I wanted to keep all of you reading abreast on some upcoming events I’m involved in you may be interested in.

First up: I wanted to take a few moments to highlight a few things coming up on my speaking itinerary that many of you may be interested in.

1. Elite Training Workshop – Boston

An entire day hanging with the likes of me, Mike Reinold, Artemis Scantalides, and Ryan Ketchum.

It’s going to be an awesome day for fitness professionals to learn from some of the best minds in the biz. CEUs are available. And I may or may not perform an interpretive dance of “I Believe I Can Fly.”

Click HERE for more information.

2. The Complete Shoulder & Hip Workshop

Dean Somerset and I are excited to announce our end of summer into early fall traveling workshop series: The Complete Shoulder & Hip Training Workshop.

 

The idea is to discuss and breakdown anything and everything as it relates to shoulders and hips, obviously. Including but not limited to anatomy, assessment, corrective exercise, performance training, programming, etc, in addition to analyzing World of Warcraft strategies. Because, why not?

Like I said, we’re excited about it and we feel everyone who attends will be excited too.

CEU’s will be available for all workshops as well.

EDMONTON (in August, so it won’t be cold as balls).

ST. LOUIS (in September, maybe catch a Cards game?)

CHICAGO (in October, Wrigley. Nuff said.)

Now on to this week’s stuff to read.

Training Clients Around Pain: A Guide for Personal Trainers – Will Levy

As Will notes in this article: some personal trainers like to play the “corrective exercise” card despite 1) not having any idea what that actually means and 2) not knowing what they’re doing.

BOSU ball + body blade + stand on one leg = Weeeeeeeeeeeeeeeeeeeeeee

With regards to the term itself – corrective exercise – there’s a phrase I often use to help explain things:

“Correct movement is corrective.”

Or in more sassy talk:

“Doing shit right is corrective.”

Taking things a step further, corrective exercise could also mean simply adjusting or regressing a certain exercise to better fit the needs and ability level of the individual.

Deadlifts hurt your back? Try bracing your abs and squeezing your glutes at the top. Doesn’t hurt anymore? We just straight up corrective exercised the shit out of you.

Anterior Pelvic Tilt Influence on Squat Mechanics – Mike Reinold

I’m always amazed when a coach or trainer writes something or or says something to the effect of “everyone needs to squat this one way, and this way only, no deviations, ever, or else you suck at life.”

It could be reference to bar position, foot position, depth, whatever…everyone should squat this one way dammit!

It’s stupid. And Mike addresses why it’s stupid in this excellent video.

The Last Word on Lats – Tony Bonvechio

For some reason, in recent years, the “lats” have gotten a bad reputation. The fitness industry is prone to over exaggerate things. “Dietary fat will make you fat,” or “Deadlifts will make your spine explode,” or “people didn’t eat grains in Paleolithic times”1.

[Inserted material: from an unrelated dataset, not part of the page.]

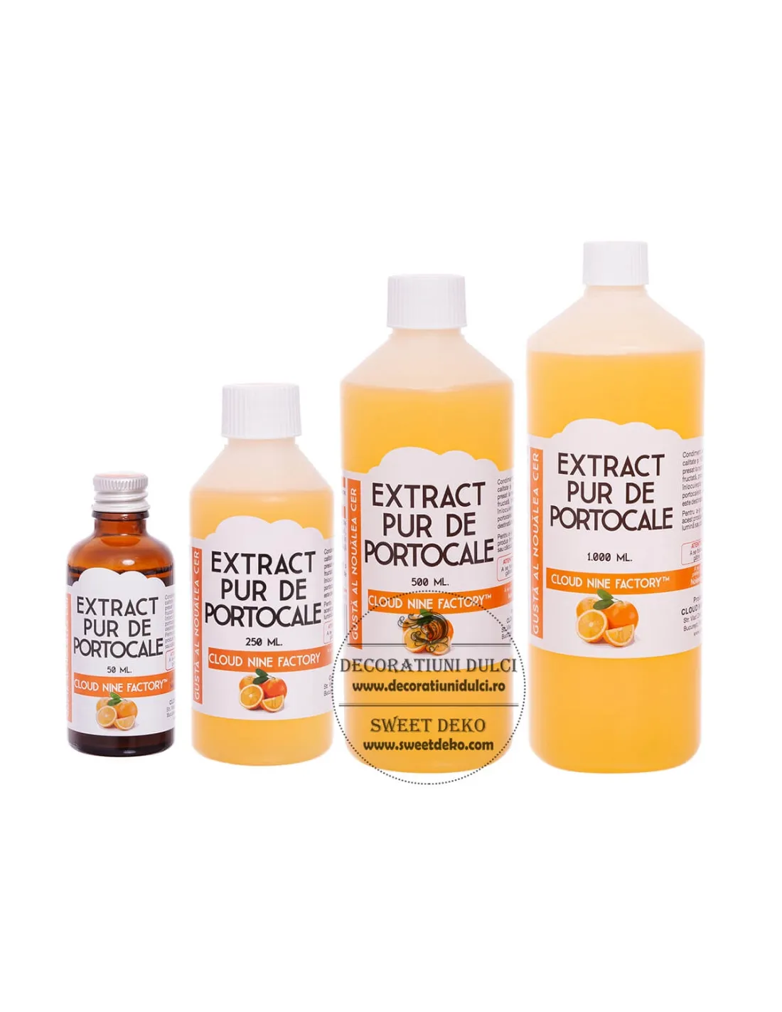 Pentru obtinerea extractului de portocale sunt utilizate doar uleiuri pure presate la rece și certificate la standard Food Grade, s-a decit folosirea doar a uleiurilor pure certificate organic cu o aromă mai intensă decat cele standard.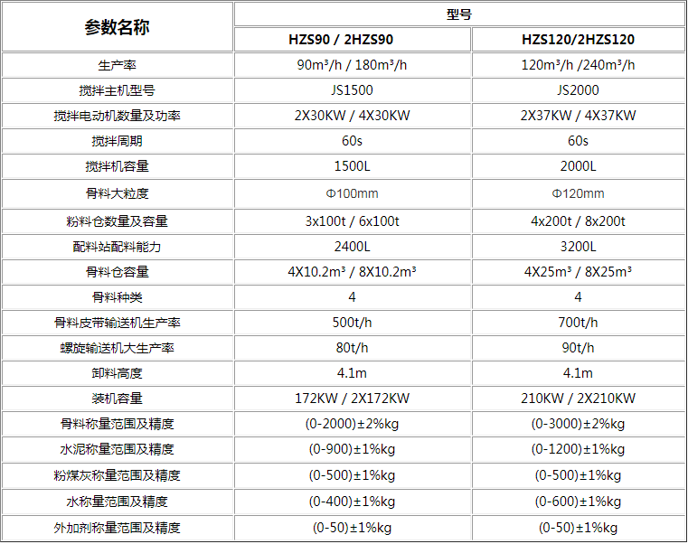 首先,我們先來看一下:HZS90混凝土攪拌站的具體參數

While overactive or short/stiff lats do need to be addressed in certain populations (like overhead athletes), you’re not some walking ball of dysfunction if you happen to turn them on to perform an exercise.

Tony B breaks it down in this excellent article.

  1. Actually, no one knows 100% what people ate back then. It was a pretty diverse diet depending on the region. Chances are they DID eat grains in some parts of the world. And, guess what they 100% didn’t eat? Paleo Brownies, you ass.